Снова повисло молчание. Я обдумывала услышанное. Личность моего посетителя постепенно начала вырисовываться, но не хватало кое-каких важных деталей. И я сомневалась, что кто-нибудь из друзей попросит его описать себя. Тибо. Нужно запомнить это имя.

– А как вообще это случилось? – вдруг спросил он. – Ну, помимо «схода лавины при альпинистском восхождении».

Стив встал. Прохаживаясь туда-сюда по палате, он начал рассказывать то, о чем я уже знала. Затем я все так же покорно выслушала продолжение – с того момента, как меня нашли. Я узнала еще одну подробность: оказывается, меня эвакуировали с горы на вертолете. Какая досада – я всегда мечтала пролететь над этим ледником. Но тогда я уже потеряла сознание и ничего не видела. Мой посетитель задал еще несколько вопросов и дошел до моего любимого. Как бы мне хотелось ответить ему самой…

– Но почему она этим увлеклась? В смысле, почему она стала альпинисткой? Все-таки эти ваши штуки очень опасны.

– Горы у нее в крови, – сказал Стив.

– Для меня звучит неубедительно, – ответил Тибо.

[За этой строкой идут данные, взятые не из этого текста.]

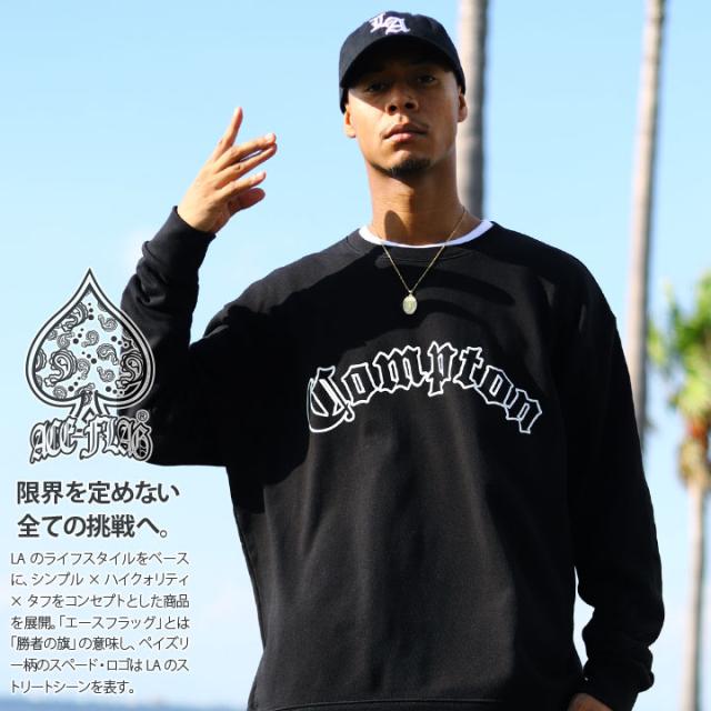 ACE FLAG トレーナー 長袖 スウェット 裏パイル メンズ 黒 大きいサイズ エースフラッグ トップス シンプル Compton コンプトン ビッグシルエット b系 ヒップホップ ファッション ダンス ストリート系 AF-TL-SW-031

– Ты вообще знаешь, что такое счастье?

– Это подвох?

– Так вот, Эльза – она знает, – сказал Стив, пропустив шпильку мимо ушей. – Когда она идет наверх, она становится самой собой, она счастлива. Она сияет. Сияет, как звезда на небосклоне. Горы – ее родная стихия. Более того, они стали для нее не только увлечением, но и профессией.

– Она что, проводник?

– Нет, стать проводником она не смогла. Она работает в организации, составляющей карты пеших маршрутов. И специализируется на ледниковых зонах.

– А я и не знал, что есть такая профессия. Хотя пользовался подобными картами.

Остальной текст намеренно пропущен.